Task item:
Leave the pictures in the listing below aside and reproduce exactly the lines starting with the one with "Edificado sobre lote" and going on through the one with "Starting in January", both ends included.

Given records:
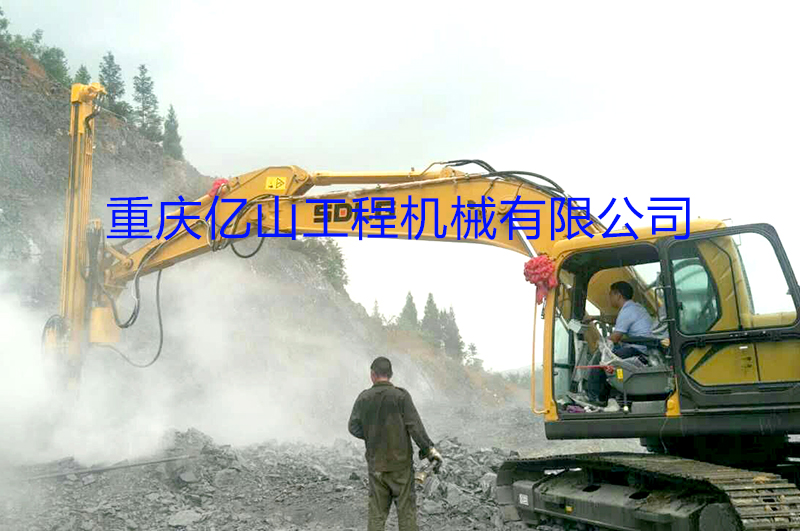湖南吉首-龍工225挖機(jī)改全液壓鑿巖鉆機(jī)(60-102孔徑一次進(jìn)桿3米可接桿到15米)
* * *
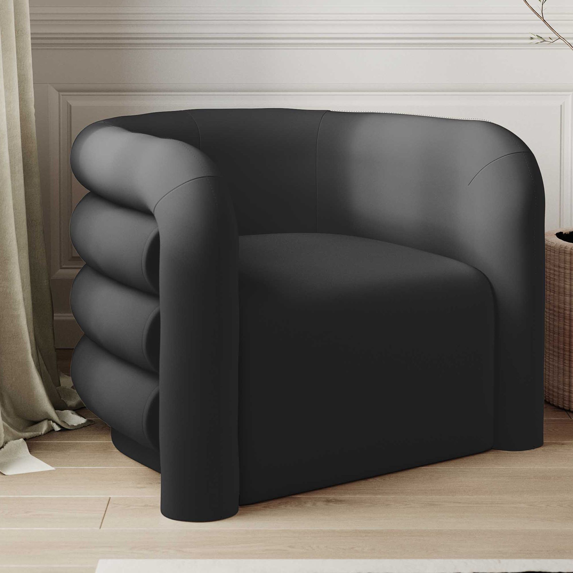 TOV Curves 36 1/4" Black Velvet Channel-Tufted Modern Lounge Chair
---
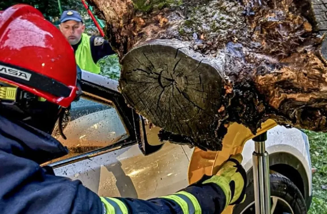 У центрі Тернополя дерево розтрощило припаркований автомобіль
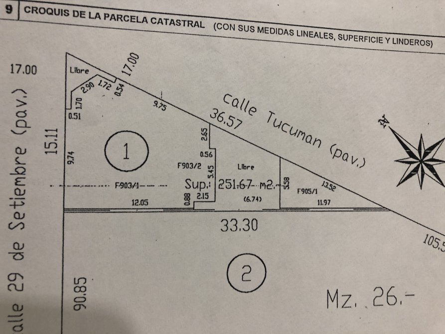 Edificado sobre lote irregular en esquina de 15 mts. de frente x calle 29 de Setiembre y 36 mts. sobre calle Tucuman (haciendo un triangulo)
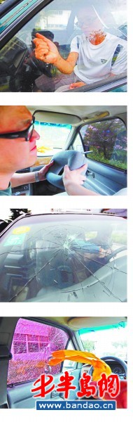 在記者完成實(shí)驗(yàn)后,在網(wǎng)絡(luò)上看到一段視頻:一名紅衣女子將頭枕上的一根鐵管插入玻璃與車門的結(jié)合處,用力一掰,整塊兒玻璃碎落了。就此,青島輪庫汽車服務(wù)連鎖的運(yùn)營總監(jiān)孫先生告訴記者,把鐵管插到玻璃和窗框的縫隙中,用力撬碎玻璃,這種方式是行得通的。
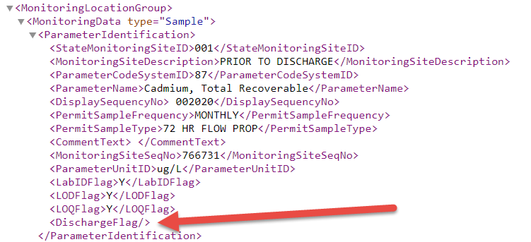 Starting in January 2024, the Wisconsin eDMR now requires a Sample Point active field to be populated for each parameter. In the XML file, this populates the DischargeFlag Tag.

Written solution:
 Edificado sobre lote irregular en esquina de 15 mts. de frente x calle 29 de Setiembre y 36 mts. sobre calle Tucuman (haciendo un triangulo)
 在記者完成實(shí)驗(yàn)后,在網(wǎng)絡(luò)上看到一段視頻:一名紅衣女子將頭枕上的一根鐵管插入玻璃與車門的結(jié)合處,用力一掰,整塊兒玻璃碎落了。就此,青島輪庫汽車服務(wù)連鎖的運(yùn)營總監(jiān)孫先生告訴記者,把鐵管插到玻璃和窗框的縫隙中,用力撬碎玻璃,這種方式是行得通的。
 Starting in January 2024, the Wisconsin eDMR now requires a Sample Point active field to be populated for each parameter. In the XML file, this populates the DischargeFlag Tag.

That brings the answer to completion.